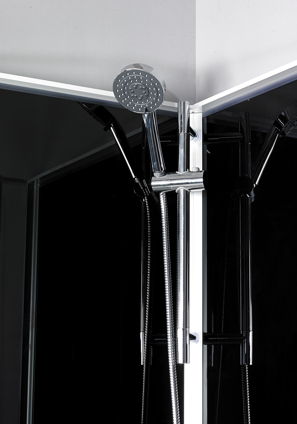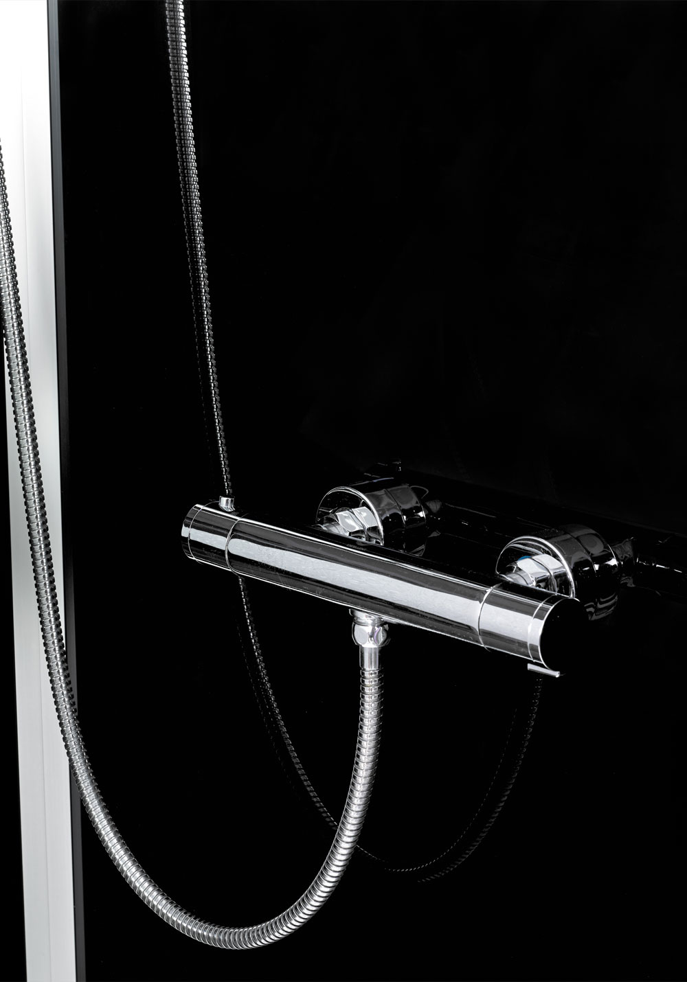 Silvermatt finish. 5mm härdat säkerhetsglas. Bakväggar i svart eller vitt säkerhetsglas. Kar i sanitetsakryl med avtagbar front. Handtag i rostfritt stål. Duschkabin i aluminium och rostfritt stål. Levereras med 3-funktions duschset. Magnetfunktion vid stängning. Anpassade för blandare C-C 150–160mm för kabingenomföring ½". Rostfritt svetsat stativ. Handtag ingår.
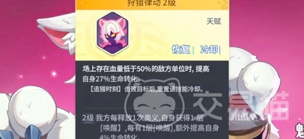 而要说起其技能的话,芬里尔的天赋是狩猎律动,在场上若存在着血量低于50%的敌方单位,则会提高自身27%的生命转化。奥一完成击杀则可以实现重置冷却,而当该角色达到六星级,则可解锁2级天赋,每次释放奥义则可叠加一层唤醒buff,且每层都可获得额外4%的吸血值。当我方释放一次奥义时,则可自身获得一层奥义,每一层唤醒额外提升自身4%的生命转化。
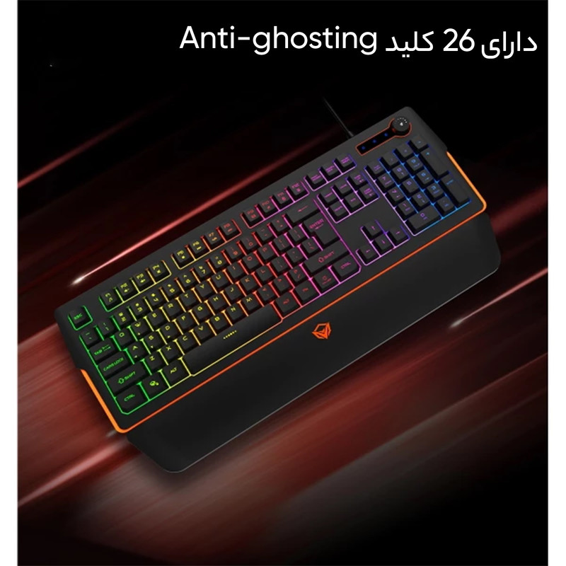 کیبورد مخصوص بازی میشن MEETION MT-K9520 یکی از جدید ترین محصولات برند معتبر و محبوب میشن می باشد که در زمینه تجهیزات گیمینگ فعالیت می کند. این برند به علت تولید محصولات با کیفیت ولی با قیمت کم محبوب است.کیبورد مخصوص بازی میشن MEETION MT-K9520 نسبت به امکاناتی که دارد قیمت معقولی دارد و ارزش خرید بالایی را به محصول داده است. این کیبورد دارای 104 کلید می باشد و با USB به کامپیوتر وصل می شود. سیم این محصول 1.8 متر طول دارد و زن آن تقریبا 790 گرم میباشد.
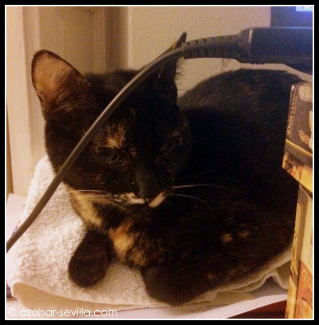 Woke up with a start around 3 am because she wasn’t in my bed, as she had been when I’d gone to sleep. A quick look around found her all cosy on the little towel behind the laptop, bless her. And she’s there now, my little sausage. Stay tuned for updates…
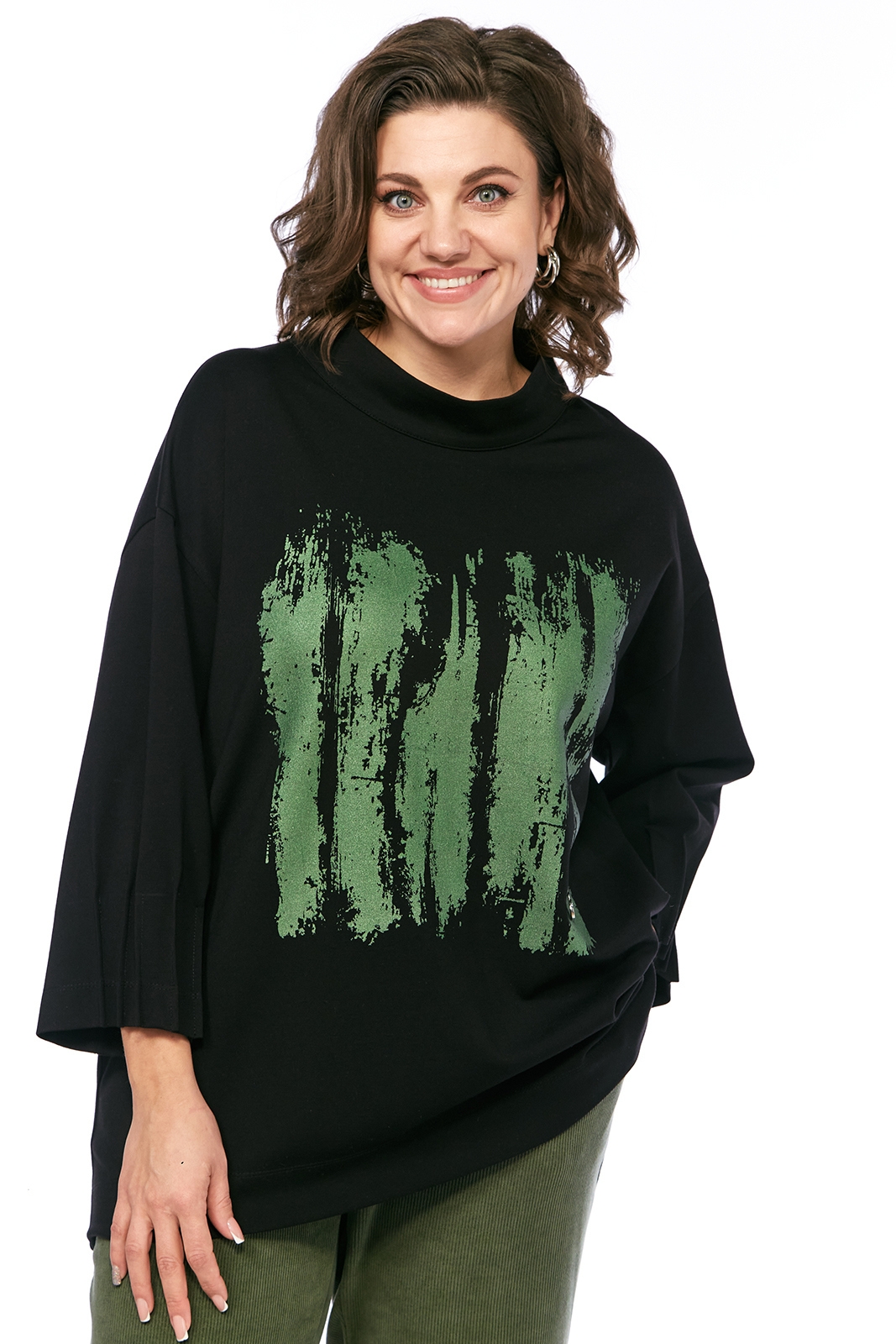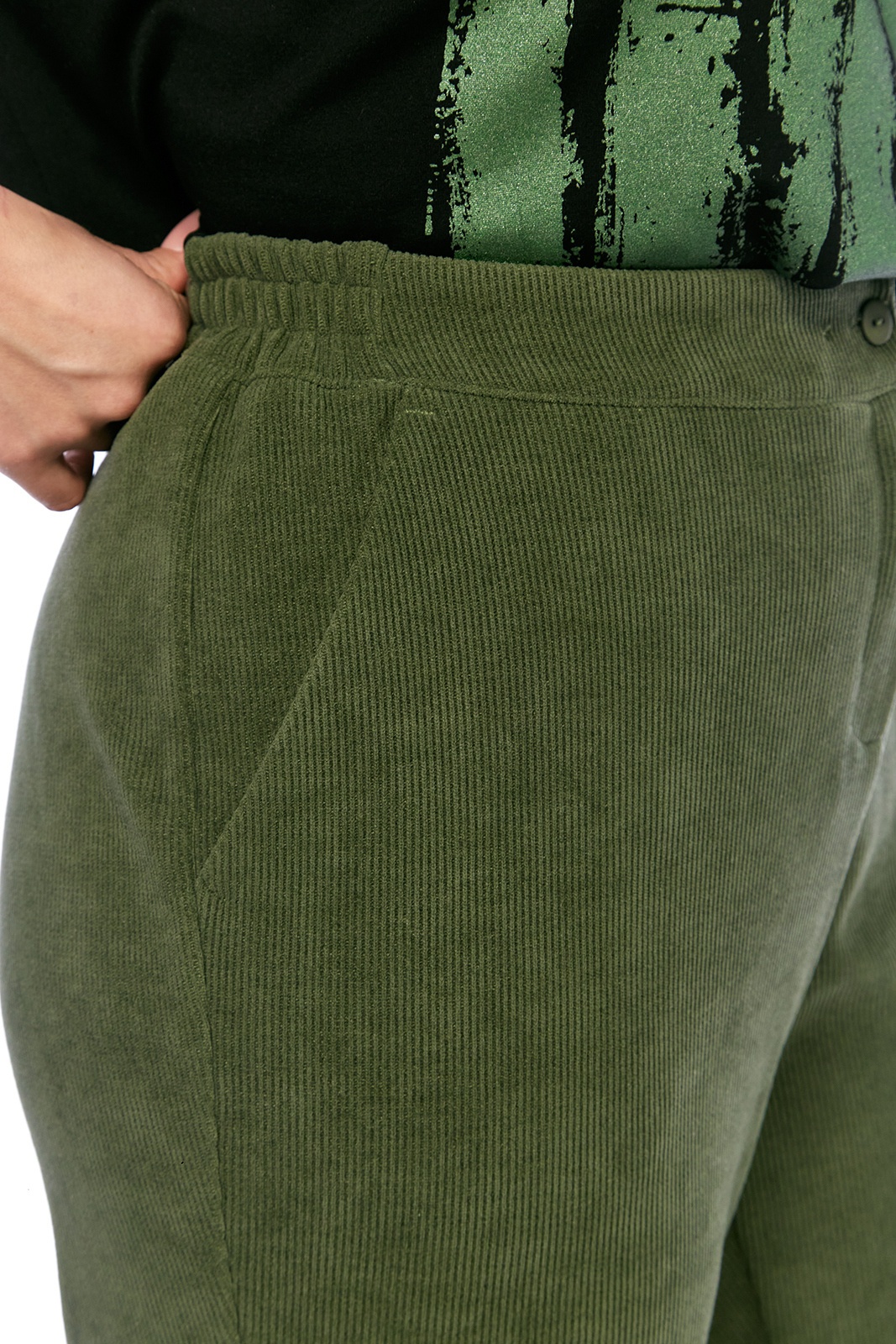 Комплект брючный двухпредметный, состоит из джемпера и брюк. Джемпер свободного силуэта, выполнен из трикотажного полотна. Горловина обработана воротником-стойка. Перед и спинка цельнокроеные. Рукава спущенные с защипами. Джемпер дополнен дизайнерской печатью. Брюки средней посадки, выполнены из вельветовой ткани. Заужены к низу. Пояс притачной со вставками с эластичной тесьмой. Застежка на молнию и петлю с пуговицей. В передних деталях брюк карманы с подрезным бочком.
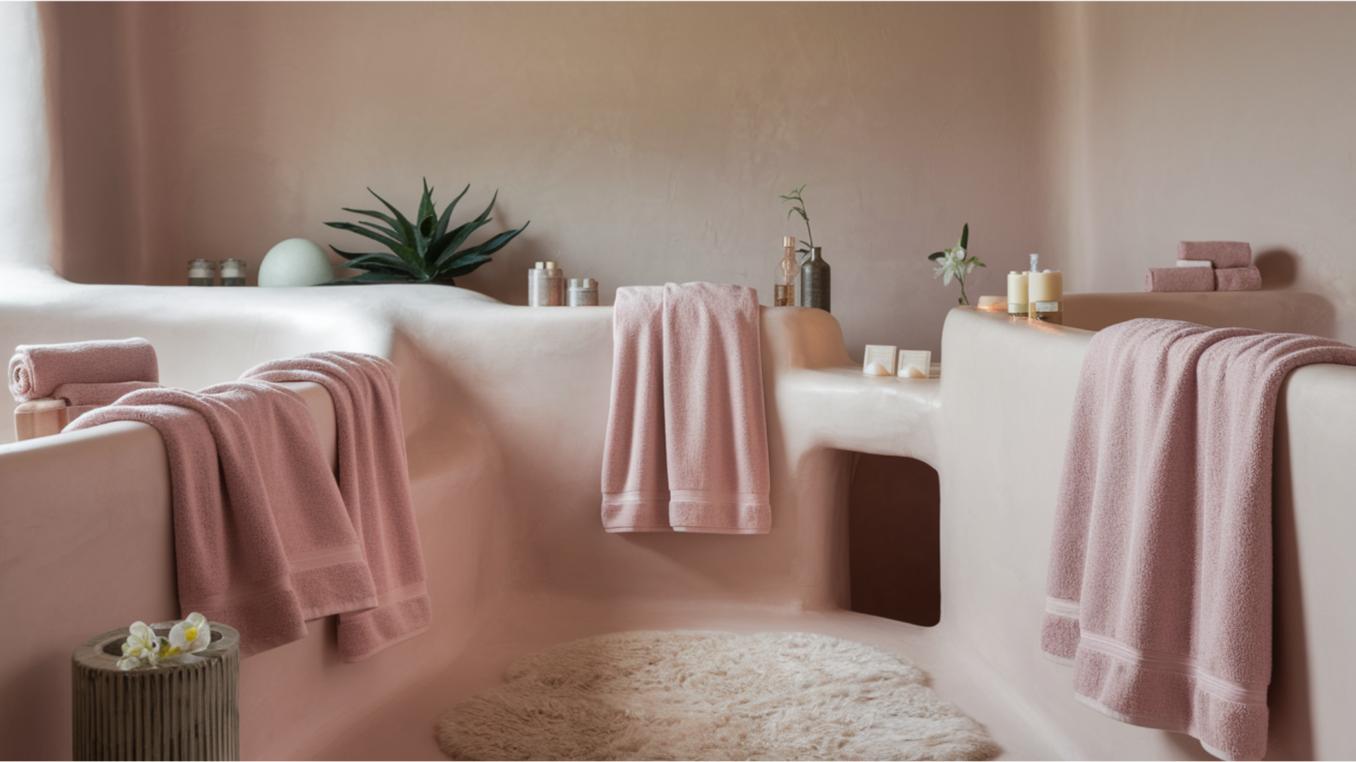 Light to dark hues of pink on the walls, tiles, towels, and accessories work together for a cohesive look.

→ TASK STATEMENT:
Carry over each record above character for character, with the pictures left out.

→ RESPONSE TO THIS EXERCISE:
 Silvermatt finish. 5mm härdat säkerhetsglas. Bakväggar i svart eller vitt säkerhetsglas. Kar i sanitetsakryl med avtagbar front. Handtag i rostfritt stål. Duschkabin i aluminium och rostfritt stål. Levereras med 3-funktions duschset. Magnetfunktion vid stängning. Anpassade för blandare C-C 150–160mm för kabingenomföring ½". Rostfritt svetsat stativ. Handtag ingår.
 而要说起其技能的话,芬里尔的天赋是狩猎律动,在场上若存在着血量低于50%的敌方单位,则会提高自身27%的生命转化。奥一完成击杀则可以实现重置冷却,而当该角色达到六星级,则可解锁2级天赋,每次释放奥义则可叠加一层唤醒buff,且每层都可获得额外4%的吸血值。当我方释放一次奥义时,则可自身获得一层奥义,每一层唤醒额外提升自身4%的生命转化。
 کیبورد مخصوص بازی میشن MEETION MT-K9520 یکی از جدید ترین محصولات برند معتبر و محبوب میشن می باشد که در زمینه تجهیزات گیمینگ فعالیت می کند. این برند به علت تولید محصولات با کیفیت ولی با قیمت کم محبوب است.کیبورد مخصوص بازی میشن MEETION MT-K9520 نسبت به امکاناتی که دارد قیمت معقولی دارد و ارزش خرید بالایی را به محصول داده است. این کیبورد دارای 104 کلید می باشد و با USB به کامپیوتر وصل می شود. سیم این محصول 1.8 متر طول دارد و زن آن تقریبا 790 گرم میباشد.
 Woke up with a start around 3 am because she wasn’t in my bed, as she had been when I’d gone to sleep. A quick look around found her all cosy on the little towel behind the laptop, bless her. And she’s there now, my little sausage. Stay tuned for updates…
 Комплект брючный двухпредметный, состоит из джемпера и брюк. Джемпер свободного силуэта, выполнен из трикотажного полотна. Горловина обработана воротником-стойка. Перед и спинка цельнокроеные. Рукава спущенные с защипами. Джемпер дополнен дизайнерской печатью. Брюки средней посадки, выполнены из вельветовой ткани. Заужены к низу. Пояс притачной со вставками с эластичной тесьмой. Застежка на молнию и петлю с пуговицей. В передних деталях брюк карманы с подрезным бочком.
 Light to dark hues of pink on the walls, tiles, towels, and accessories work together for a cohesive look.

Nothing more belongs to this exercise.